Print only the lines below, from the very first to the one containing "Conheça mais sobre", exactly as they stand. Do not print pictures.

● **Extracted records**

- - - - - - -

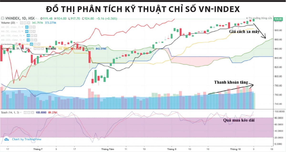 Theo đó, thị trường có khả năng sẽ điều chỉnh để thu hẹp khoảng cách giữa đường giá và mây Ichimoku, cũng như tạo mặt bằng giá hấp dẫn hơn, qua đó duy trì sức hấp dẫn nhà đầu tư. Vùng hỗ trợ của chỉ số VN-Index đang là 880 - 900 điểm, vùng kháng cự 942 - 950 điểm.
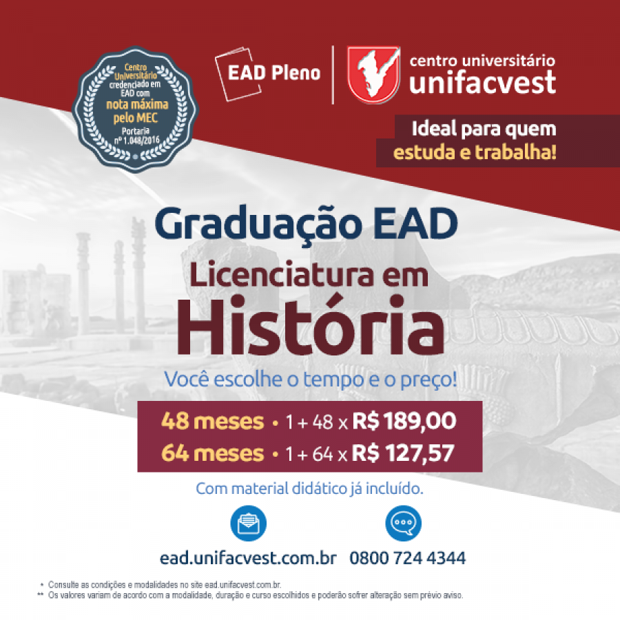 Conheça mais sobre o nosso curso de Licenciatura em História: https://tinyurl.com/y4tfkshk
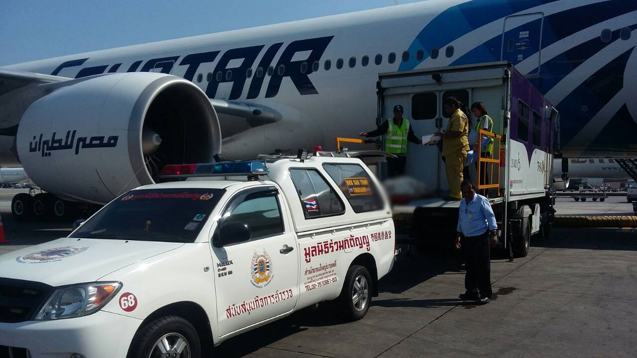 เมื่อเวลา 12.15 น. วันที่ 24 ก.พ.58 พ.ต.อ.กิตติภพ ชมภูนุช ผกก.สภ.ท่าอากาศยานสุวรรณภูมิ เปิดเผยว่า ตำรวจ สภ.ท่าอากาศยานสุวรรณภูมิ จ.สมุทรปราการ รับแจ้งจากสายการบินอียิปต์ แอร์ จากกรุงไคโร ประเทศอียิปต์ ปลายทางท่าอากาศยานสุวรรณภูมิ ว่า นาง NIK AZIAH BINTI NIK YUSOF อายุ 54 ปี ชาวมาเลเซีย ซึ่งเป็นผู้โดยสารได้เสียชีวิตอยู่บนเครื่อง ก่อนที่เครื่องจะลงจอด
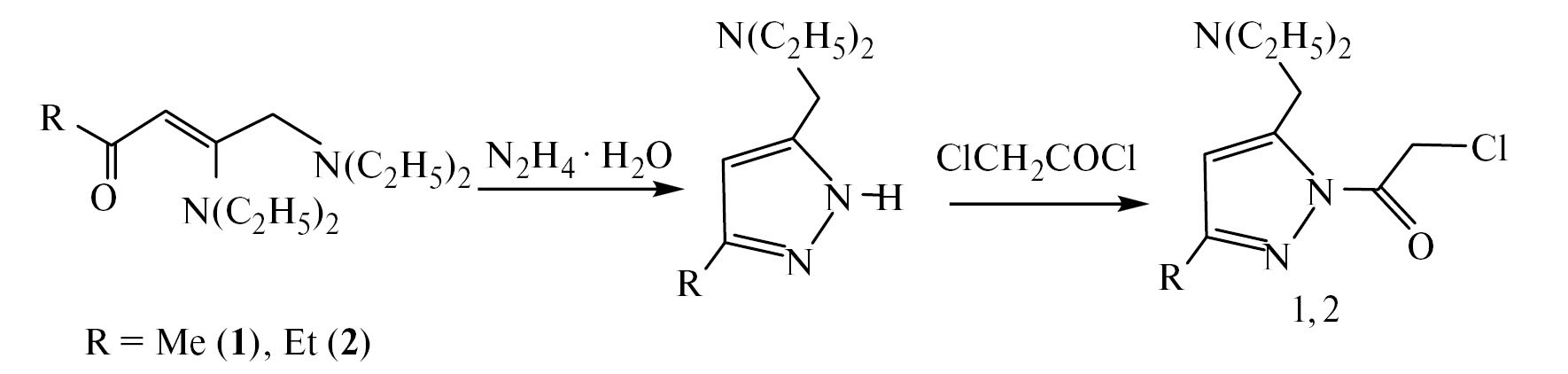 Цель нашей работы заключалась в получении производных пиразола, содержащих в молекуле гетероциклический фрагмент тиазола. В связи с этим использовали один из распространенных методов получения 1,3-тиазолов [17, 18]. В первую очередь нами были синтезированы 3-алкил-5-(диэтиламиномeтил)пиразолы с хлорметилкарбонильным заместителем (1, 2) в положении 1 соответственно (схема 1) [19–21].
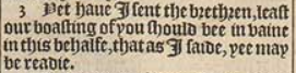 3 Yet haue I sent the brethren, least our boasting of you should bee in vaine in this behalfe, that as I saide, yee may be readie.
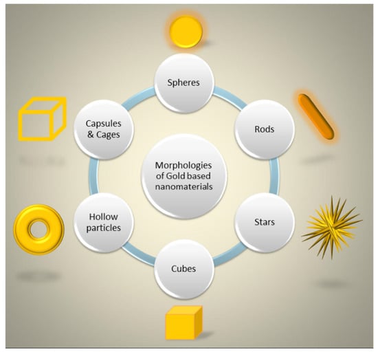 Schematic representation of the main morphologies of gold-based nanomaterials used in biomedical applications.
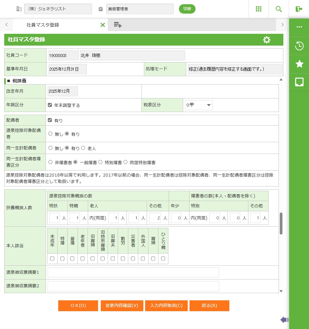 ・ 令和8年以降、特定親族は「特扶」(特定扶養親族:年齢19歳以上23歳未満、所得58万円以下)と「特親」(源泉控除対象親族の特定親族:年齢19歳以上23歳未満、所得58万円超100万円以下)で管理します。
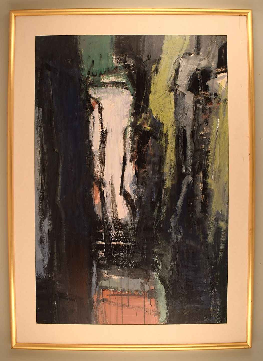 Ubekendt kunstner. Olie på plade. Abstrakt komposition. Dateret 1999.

- - - - - - -

● **EXERCISE OUTPUT**
 Theo đó, thị trường có khả năng sẽ điều chỉnh để thu hẹp khoảng cách giữa đường giá và mây Ichimoku, cũng như tạo mặt bằng giá hấp dẫn hơn, qua đó duy trì sức hấp dẫn nhà đầu tư. Vùng hỗ trợ của chỉ số VN-Index đang là 880 - 900 điểm, vùng kháng cự 942 - 950 điểm.
 Conheça mais sobre o nosso curso de Licenciatura em História: https://tinyurl.com/y4tfkshk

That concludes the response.